In this study of patients without known diabetes, the majority (78%) had 1 or more glucose tests ordered over a 3-year period. One in seven glucose values (14%) was potentially abnormal. When the glucose value was 110 mg/dl or greater, physicians interpreted these as normal 16% of the time and did not indicate plans for any subsequent work-up 50% of the time.
Although glucose testing does not always represent intentional screening, the patterns of testing were not random. Selected risk factors for diabetes (age 45 years and older, non-white ethnicity and family history of diabetes) independently increased the odds of glucose testing. Hypertension and hyperlipidemia were not associated with glucose testing, even though chemistry panels that include glucose are often ordered to monitor these diseases. These findings suggest that intentional screening for diabetes is occurring, even if physicians are not documenting this reason for glucose testing.
Glucose testing most closely resembled the guidelines of the ADA, based on the high rate of testing for eligible patients (97%) and the strong association of ADA-specific selection factors (such as non-white ethnicity and family history) with glucose testing. However, "adherence" to the CDC and USPSTF guidelines were also high, indicating that many of the risk factors used to select patients for screening are correlated with each other (age with hypertension, for example).

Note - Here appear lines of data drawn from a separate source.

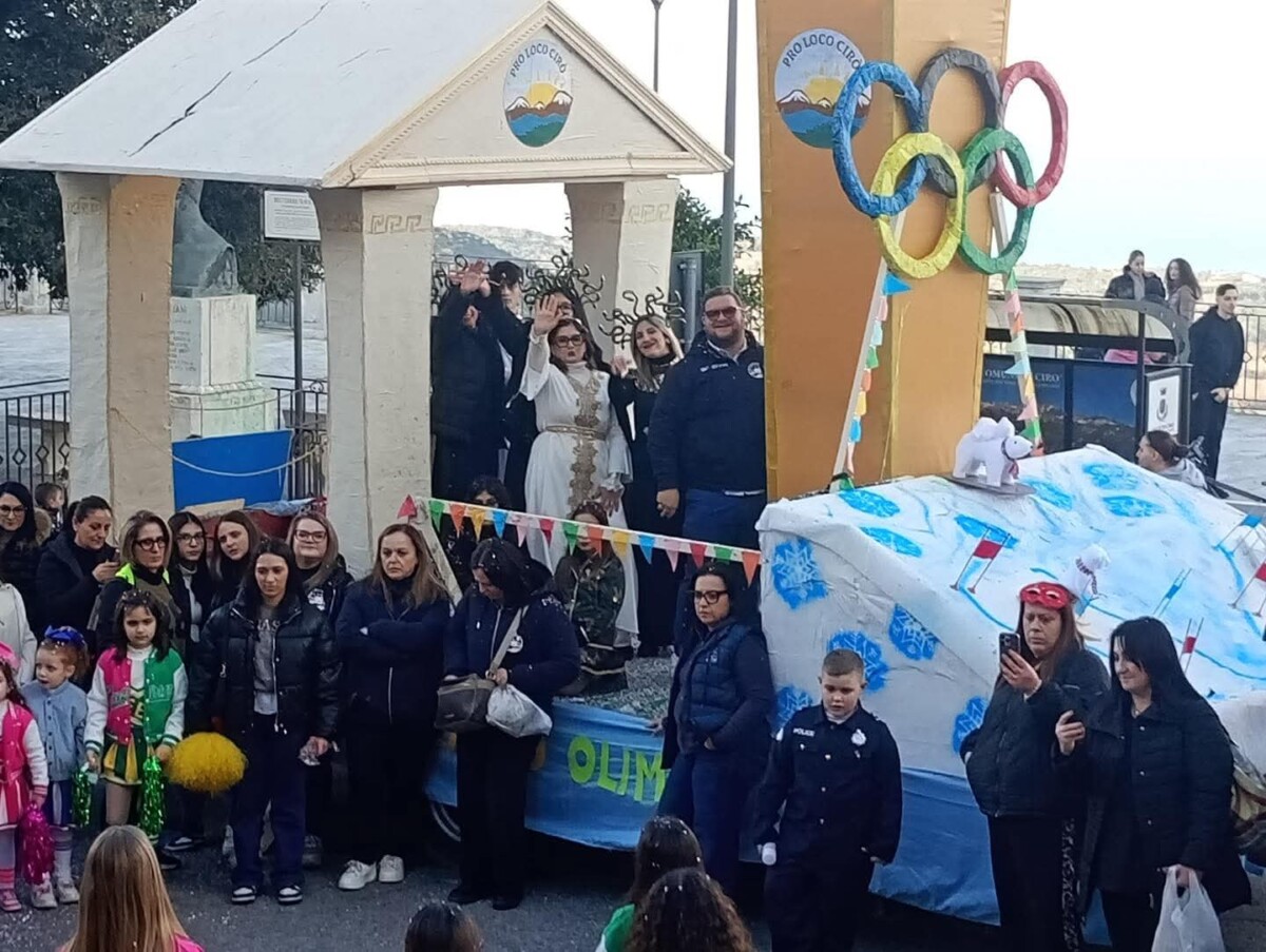 Cirò- A Cirò Carnevale pulito a prova di bambino grazie alla sensibilizzazione da parte del decreto emesso in proposito dal primo cittadino e dalla Proloco. Grande manifestazione dedicata ai bambini quella del carnevale organizzato dalla Pro-loco presieduta da Niki De Franco. Un carnevale a tema dedicato alla Grecia al sogno olimpico”, questo l’oggetto del carro che è stato realizzato quest’anno per il carnevale 2026, un tributo alla nostra terra e alle olimpiadi che si stanno svolgendo in questo periodo in Italia. Nonostante il freddo, la costruzione del carro- ha detto il presidente- “è avvenuta con momenti di condivisione e divertimento grazie di cuore ai soci della Pro Loco e non solo, che si sono adoperati per la costruzione del carro, un ringraziamento particolare al signor Peppe Aloe, che ha messo a disposizione il capannone, dove abbiamo lavorato per la costruzione dei carri, come pure a Giuseppe Cortese, per la disponibilità del carrellone sul quale è montato il carro, e ancora grazie di cuore a Raffaele Sestito che si è prestato come autista del carro, e a tutti quelli che ogni giorno ci sostengono e ci incoraggiano ad andare avanti”.
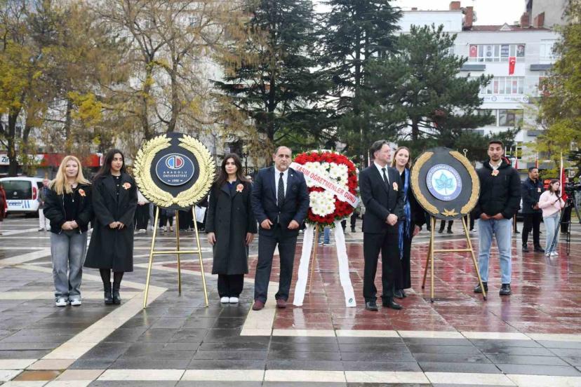 Eskişehir’de 24 Kasım Öğretmenler Günü dolayısıyla Atatürk Anıtı’na çelenkler sunuldu.
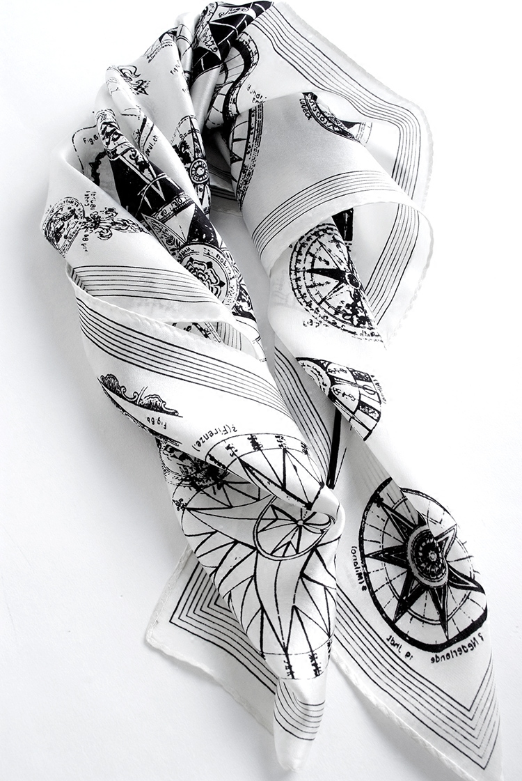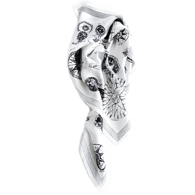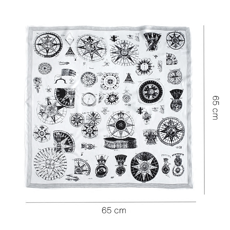 OFFIY-classic compass pattern black white 100% mulberry silk scarves for professional business OL Japanese silk scarves
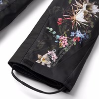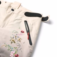 Wind- und wasserdichte Skihose aus recyceltem Polyester mit einem Druck bunter Blumen, der zum hellen und dunklen Farbverlauf im Hintergrund passt. Die Skihose hat einen Druckknopf- und Reißverschluss, externe verstellbare Klettverschlüsse, Gürtelschlaufen für Molos-Träger (zusätzliches Zubehör), verstellbare Beinöffnungen mit Schneegamaschen und zusätzliche Verstärkung zwischen den Beinen. Die Skihose verfügt über wasserdichte Taschen und einen reflektierenden Text auf der Rückseite, um die Sichtbarkeit im Verkehr zu erhöhen. Darüber hinaus sind die Skihosen in exponierten Bereichen mit Fleece gefüttert und mit 3M™ Thinsulate™ gepolstert.
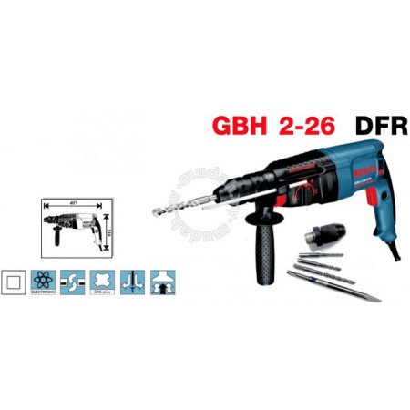KHOAN BÚA BÊ TÔNG BOSCH GBH 2-26- KHÔNG KÈM ĐẦU CHUYỂN VÀ MŨI KHOANMáy khoan búa Bosch 800W GBH 2-26DRE có tuổi thọ lâu dài, dù sử dụng cho các công việc nặng, nhờ có thân máy chắc chắn và thiết kế nhỏ gọn. Sản phẩm chính hãng của Bosch được sản xuất theo công nghệ của Đức.
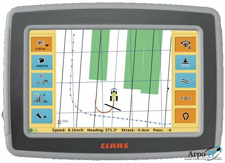 Интерфейс между GPS PILOT и AGROCOM NET/AGROCOM MAP (ПО для управления движением от CLAAS) позволяет использовать и администрировать сохраненные загонки, базовые линии и сведения о задачах. Благодаря этому все собранные данные можно использовать и упорядочивать в течение многих лет.

Our study builds on the findings of previous research. Ealovega and colleagues found that 69% of primary care patients received glucose testing over a 3-year period in a managed care setting [8
], which is consistent with our finding of 78%. Ealovega and colleagues also found that only 38% of abnormal results received appropriate follow-up, consistent with our finding of 50% [8
]. Other investigators found that glucose testing was associated with age [5
] and family history of diabetes [6
]. However, several of these previous analyses were limited by incomplete adjustment for potential confounders [5
]. Ours was the only study to find an independent effect of ethnicity on the odds of glucose testing. Our finding that hypertension and hyperlipidemia were not independent predictors of glucose testing is in contrast to others' [8
]. None of the previous studies specifically compared practice patterns to national screening guidelines.

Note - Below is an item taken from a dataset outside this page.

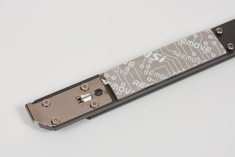 Традиційно чорна гама, більшість текстоліту прихована за радіаторами. Все вірно, майже ніякого пластику, і це сильна сторона плати. Жодних фальш-панелей або елементів пластику в районі I/O-панелі, або зони слотів розширення, всі ці конструкції — алюмінієві радіатори. Заводський RGB представлений драконом, що світиться, на верхньому радіаторі.
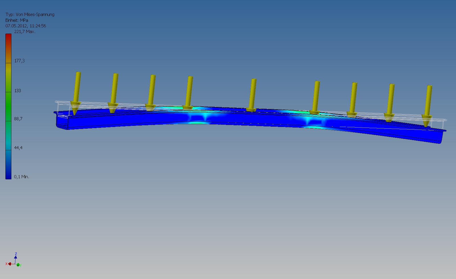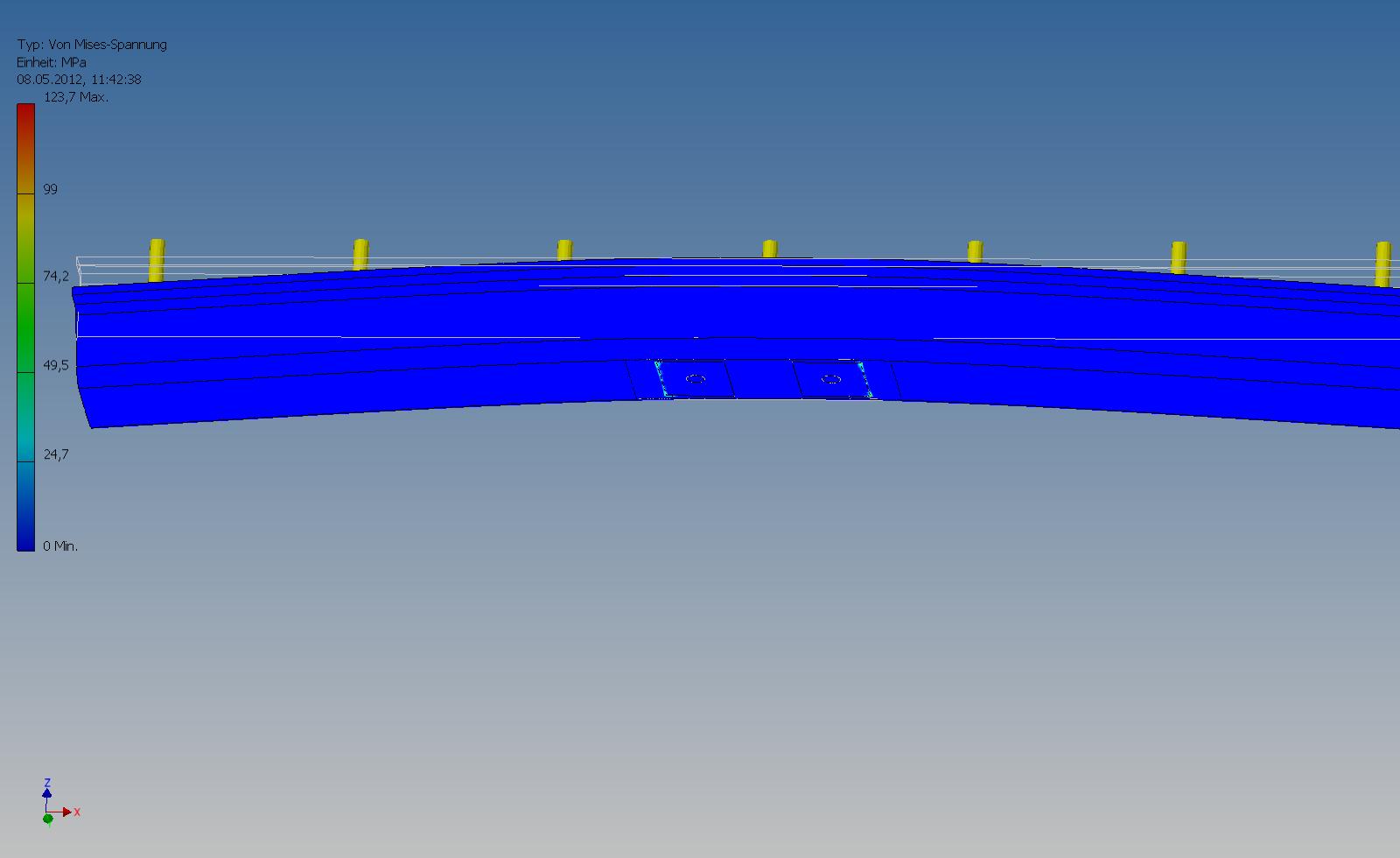 hi ulrix, habe ich getan und die lagérsituation ist folgende: ich habe unten am u profil zwei lagerstellen wie du schon richtig erkannt hast. die werte von den festpunkten sind folgende: fläche 1: x= -4830 N y= 0 z=1485 N fläche 2: x=4831 N y= 0 z= 1515 N ich habe auch noch mal ein bild reingestellt... also bringt mich das auch noch nicht so wirklich weiter... was sagtst du denn dazu das sich durch flächen die über trennen eingefügt wurden sich die spannungswerte ändern? habt ihr das auch ?? Eine Antwort auf diesen Beitrag verfassen (mit Zitat/Zitat des Beitrags) IP |

Failure to recognize abnormal glucose values represents a missed opportunity to identify and treat incident diabetes or pre-diabetes, with timely treatment of pre-diabetes having the potential to prevent or delay the onset of diabetes [16
]. That follow-up rates were higher for patients who had all visits with the same primary care physician is intriguing but based on a relatively small sample size and warrants replication in larger studies. There are several reasons why physicians may not act upon abnormal values: they may not have seen the values, may not have recognized their importance, or may have been giving their attention to competing demands. Indeed, a study that surveyed physicians about test result management in general found that only 52% of respondents reported keeping a record of tests that they had ordered and 83% acknowledged delays in recognizing and acting upon abnormal results, saying that they had reviewed at least 1 test result in the last 2 months that they "wished they had seen earlier" [17
This study had several strengths. We used electronic orders for actual glucose tests, rather than patients' self-report of testing. We included an ethnically diverse patient population, with a proportion of ethnic minorities (41%) similar to that in the U.S. overall (37%) [18
]. We followed patients over time, allowing for multiple primary care visits and approximating the 3-year screening interval suggested by the ADA. In addition, we used the rigorous statistical method of multiple imputation to account for missing data.

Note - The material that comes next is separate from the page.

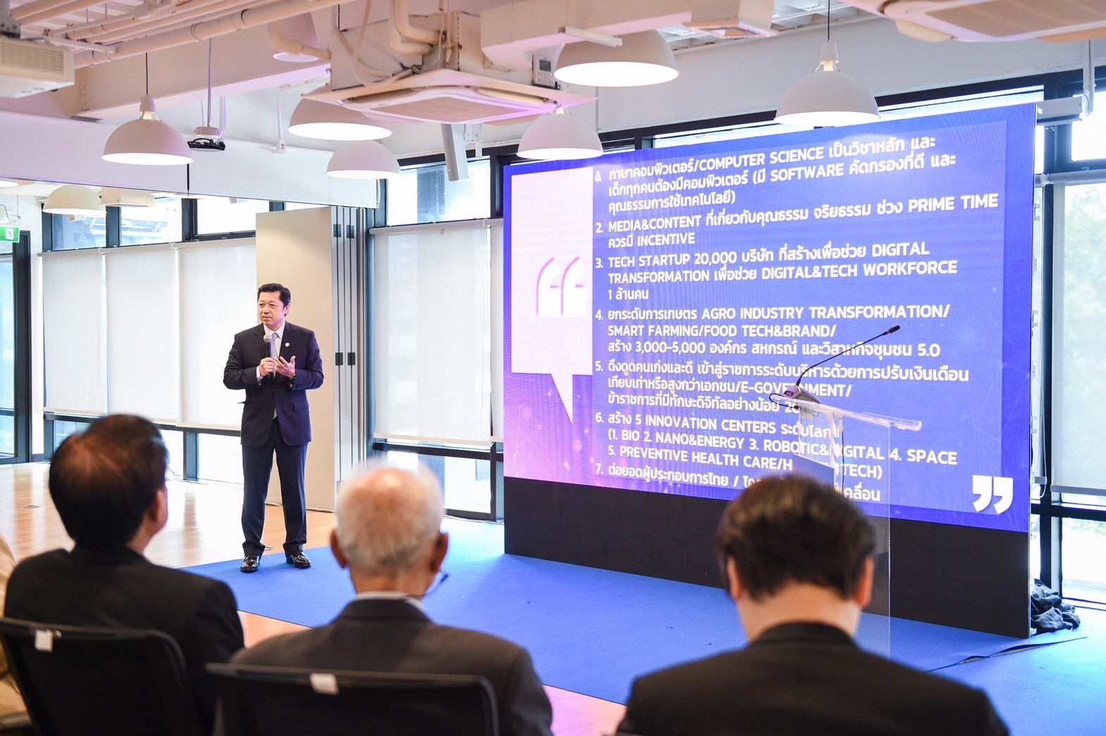 - ตั้งเป้าให้ไทยเป็นศูนย์กลางนวัตกรรมแห่งภูมิภาคอาเซียนภายในปี 2568 ยกระดับ R&D สร้างเทคสตาร์ทอัพ 20,000 บริษัทในไทยเพื่อช่วยเร่งให้เกิดการทำ Digital Transformation ได้เร็วขึ้น และทำให้เกิดการจ้างงาน Digital & Tech Workforce ไม่ต่ำกว่า 1,000,000 คน ประเทศไทยมีโอกาสดึงดูดนักลงทุนระดับโลกด้วยความพร้อมทางภูมิศาสตร์และความเข้มแข็งของอุตสาหกรรมที่ประเทศไทยมีอยู่ เทคสตาร์ทอัพนับเป็นหัวใจในการขับเคลื่อนธุรกิจด้านเทคโนโลยี นวัตกรรม และช่วยกระตุ้นเศรษฐกิจ รวมถึงการจ้างงาน อีกทั้ง จำนวนสตาร์ทอัพยังเป็นเสมือนกระจกสะท้อนความสามารถการแข่งขันด้านดิจิทัล ซึ่งส่งผลโดยตรงต่อความมั่นใจในการตัดสินใจลงทุน รัฐจึงควรตั้งเป้าหมายดึงดูดกองทุนหรือนักลงทุนระดับโลก (Big Boy) อย่างน้อย 3 ราย ยิ่งไปกว่านั้นประเทศไทยควรสร้าง 5 Innovation Center ระดับโลก ได้แก่ 1.Bio 2.Nano & Energy 3. Robotic & Digital 4. Space 5. Preventive Health care / Health Tech อย่างไรก็ตามการตั้งเป้าเป็น Regional Innovation Hub หรือแหล่งการลงทุนและศูนย์สร้างสรรค์นวัตกรรมของภูมิภาค เราจะต้องพัฒนาศักยภาพการเป็น Innovation Cluster สำหรับผู้ประกอบการและนักวิจัยไทย ตลอดจน ผลักดันนโยบายเร่งด่วนเพื่อดึงดูดการลงทุน และผู้เชี่ยวชาญระดับโลก เช่น Global Talents และDigital Nomads พร้อมทั้งเร่งยกระดับงานวิจัยและนวัตกรรมโดยประสานพลังภาครัฐ ภาคเอกชน และสถาบันการศึกษาให้ต่อยอดขยายผลเกิดการใช้งานจริงได้ในระดับโลก

Several limitations merit discussion. First, height was missing for a substantial proportion of patients; however, results were similar when the multivariate model was performed with and without this variable. Second, we did not have enough power to adjust for clustering by physician, making it possible that some physicians' practice styles weighted the results more heavily than others'. Third, the study took place in one institution that may not be generalizable to other settings. Fourth, this study may actually underestimate the proportion of abnormal glucose values, because glucose values may be falsely low if the samples are not processed promptly. Fifth, patients who came for initial visits in 1999 may vary from patients who came only for subsequent visits that year. Sixth, it is possible that some patients with known diabetes did not report their condition at the initial visit, although this is unlikely because only 1 patient was diagnosed with diabetes – based on an abnormal glucose – after the initial visit; most patients diagnosed with diabetes were diagnosed after subsequent visits. Finally, as in all studies that examine medical records, some results were dependent on what physicians documented, although we minimized this by including in the analysis any glucose test ordered rather than only glucose tests for which screening was documented as the purpose.